Successfully completed Part A of the Phase I/II clinical trial in severe AKC patients who showed a rapid overall improvement of a mean 55% in the composite clinical score. The nomacopan eye drops were found to be comfortable and well tolerated with no reported drug related serious adverse events. Enrollment in the Part B placebo-controlled efficacy arm of the study in 16 patients continues, with a data read out expected in the first quarter of 2020.
Paroxysmal nocturnal hemoglobinuria (PNH) program

The Company continues to accumulate positive long-term treatment data, which includes over 20 cumulative patient-years of data with no reported drug related serious adverse events. Our ongoing Phase III PNH study in naïve patients is expected to have an interim data readout in mid 2020 with the next stage subject to our pen injector program which aims to hold one week’s supply of nomacopan stable at room temperature with a daily 0.3ml injection.
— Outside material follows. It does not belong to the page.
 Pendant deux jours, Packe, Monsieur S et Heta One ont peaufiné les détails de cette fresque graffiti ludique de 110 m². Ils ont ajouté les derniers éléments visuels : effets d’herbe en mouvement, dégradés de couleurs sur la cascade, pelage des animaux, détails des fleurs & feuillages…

Third Quarter 2019 Financial Results

As of September 30, 2019, the Company had cash of $6.3 million. In addition, the Company received in October 2019 $2.9 million in research and development tax credits from the UK tax authorities. This compares to cash of $5.4 million as of December 31, 2018.
During the third quarter of 2019, the Company sold to Aspire Capital Fund, LLC (Aspire Capital) a total of $4.6 million of ordinary shares. As of September 30, 2019, approximately $13.4 million of the original $20 million remains available for draw down under the equity purchase agreement entered into with Aspire Capital.
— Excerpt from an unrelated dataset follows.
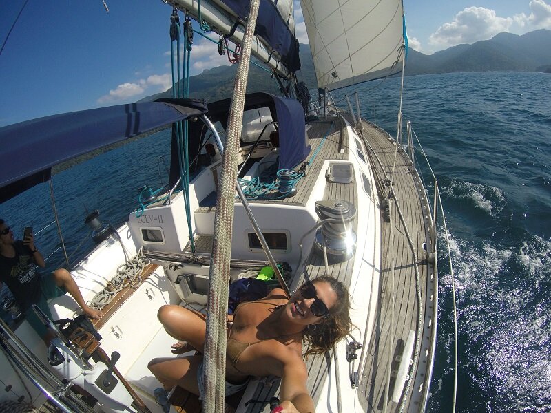 Velejar nunca foi uma atividade presente na minha vida, apesar de ter uma grande amiga (Raquel Hora do @horanaestrada) que sempre velejou desde criança e ter participado dessa etapa da vida dela. A vida dá voltas e desde que o Leve na Viagem surgiu, duas oportunidades únicas e maravilhosas apareceram: velejar na Polinésia e velejar em Ilha Grande. Poucas pessoas sabem da incrível possibilidade de se hospedar em um veleiro e ter uma “casinha móvel” em alguns lugares do mundo. Aqui no Brasil, essa vivência é menos explorada ainda, mas em diversas cidades de praia há essa alternativa. Recentemente, tive a linda experiência de me hospedar em um veleiro em Angra dos Reis. Fui convidada pela @gsailcharter para passar um final de semana no barco e passear pela Ilha Grande. Mas, antes de contar os detalhes de como funciona, é preciso que você saiba que se hospedar em um veleiro significa, basicamente:

Research and development (R&D) expenses in the third quarter of 2019 were $1.8 million, as compared to R&D expenses of $3.3 million in the same quarter the prior year. This decrease was primarily due to the recognition of the aforementioned R&D tax credit of $2.9 million in the third quarter of 2019, proceeds of which were received in October 2019.
General and administrative (G&A) expenses in the third quarter of 2019 were $1.4 million, as compared to $2.4 million in the same quarter last year. This decrease was primarily due to lower expenses associated with professional fees and rent.
Total other income for the third quarter of 2019 was $0.4 million, as compared to total other expense of $0.6 million in the same period the prior year. This change was primarily due to $1.0 million of higher income related to the change in the fair value of the stock option liabilities in 2019 compared to 2018.
Net loss for the third quarter of 2019 was $2.8 million, compared to a net loss of $3.6 million for the same period in 2018. The decrease in net loss in the third quarter of 2019 was due primarily to lower net R&D and G&A expenses, as well as change in the fair value of the stock option liabilities previously cited, offset by the one-time litigation settlement gain that was recorded in the third quarter of 2018.